Key Ideas
1. French women were vastly outnumbered by French men in New France, which meant women of all races and classes were afforded legal and social privileges they would not have had in traditional French society.
2. The labor and collaboration of Native women was critical to the survival of New France.
3. The Catholic Church played a significant role in the colonization of the Native people who inhabited the territory claimed as New France.
4. The legal status of enslaved Black women evolved over the course of the early colonial period.
Introduction

Carte de la Nouvelle France, 1700. Musée de la civilisation, fonds d’archives du Séminaire de Québec.
Women in the French Colonies, 1624-1715
The French colonies of North America were considerably less sophisticated than those of the English, Spanish, and Dutch in the 1500s and 1600s.

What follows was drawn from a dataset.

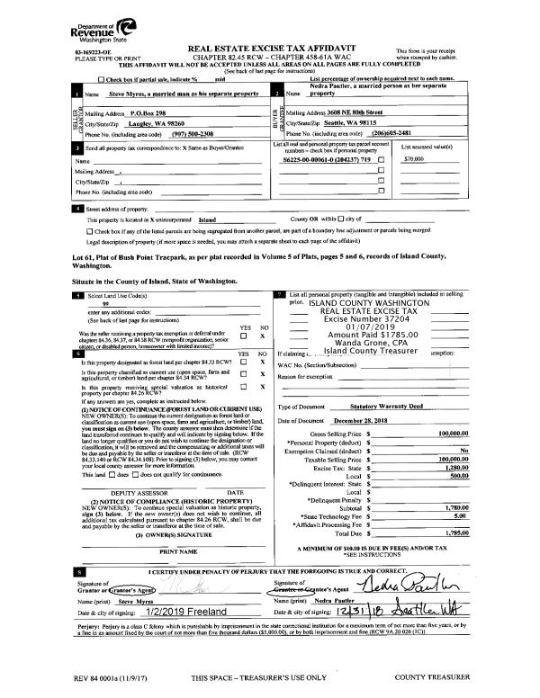 | Mailing Address: | 5640 MELENDY DR LANGLEY, WA 98260 | % Ownership: | 100.0000000000% |
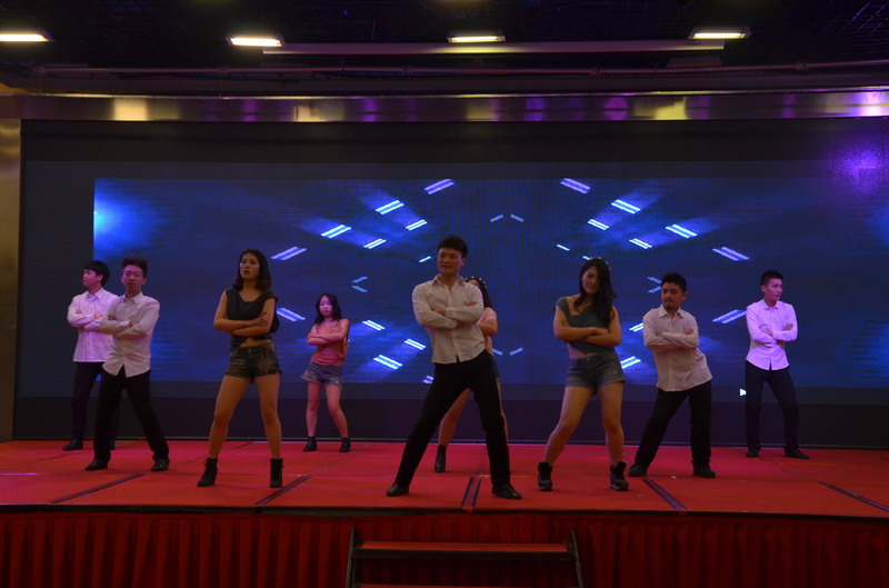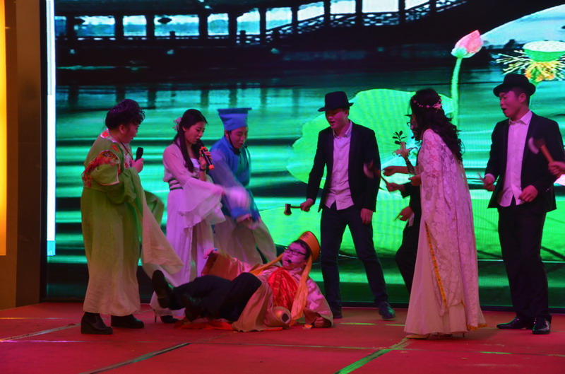 接下來的節(jié)目演出立刻讓晚會(huì)現(xiàn)場(chǎng)成為歡樂的殿堂。歌曲、舞蹈、小品、合唱多種節(jié)目形式,精彩紛呈,所有節(jié)目均為公司員工自編、自導(dǎo)、自演,充分反映出新思路裝飾生動(dòng)而富有內(nèi)涵的企業(yè)文化。繽彩紛呈、風(fēng)格各異的十幾個(gè)節(jié)目贏得觀眾滿堂喝彩,充分展現(xiàn)出新思路家人多才多藝、能歌善舞的一面。熱鬧喜慶的《拜新年》作為開場(chǎng)第一個(gè)節(jié)目閃亮登場(chǎng),歡快的舞蹈、喜慶的旋律、愉悅的氛圍感染著每一位在場(chǎng)的觀眾,為整場(chǎng)晚會(huì)點(diǎn)燃激情?;盍Ρ挤诺拇疅璧浮缎√O果》引起現(xiàn)場(chǎng)尖叫聲不斷;工程部家人帶來的歌曲《超越夢(mèng)想》以大合唱的形式唱響了新思路人超越夢(mèng)想、勇攀高峰的激情和心聲;性感柔美的歌伴舞《萬水千山總是情》更是引得場(chǎng)下“粉絲”陣陣尖叫。要說全場(chǎng)最閃亮的舞蹈,當(dāng)屬才女徐藝丹帶來的獨(dú)舞《映山紅》,優(yōu)美的舞姿訴說著無盡的情思,散發(fā)著醉人的芳香,看得人是如癡如醉。而江北店家人帶來的小品《招聘》延續(xù)去年的爆笑風(fēng)格,幽默的臺(tái)詞,惟妙惟肖的模仿讓現(xiàn)場(chǎng)笑聲連連,掌聲不斷。還有南坪店家人表演的小品《新白娘子傳奇》、工程部家人帶來的情景劇《交房》、沙坪壩店家人帶來的對(duì)唱《有你有我》、江北店家人表演的相聲《回家》......家人們以業(yè)余的身份發(fā)揮出了專業(yè)演員的水平,把角色演繹得惟妙惟肖,讓人嘆為觀止。

The kings of France wanted a colonial presence in North America to keep up with their European rivals, but they devoted fewer resources to developing and populating their holdings there, devoting their attention to the more profitable sugar plantations in the Caribbean. The French government limited the number of citizens who were allowed to migrate to the colonies, and most of those who immigrated went to the Caribbean, with the result that the vast territory of New France, which began as small settlements along the St. Lawrence River before expanding south along the Mississippi River and west along the Great Lakes, was always sparsely populated, and the survival of the colony depended on close cooperation with the Native communities who already inhabited the land.
Section Essential Questions
1. What were the rights and responsibilities of women in colonial French society?
2. How did race, class, and social differences affect the lives of the women in New France?
3. How did women contribute to the establishment of new societies in the New World?
4. What gender specific challenges did women face in the French colonies?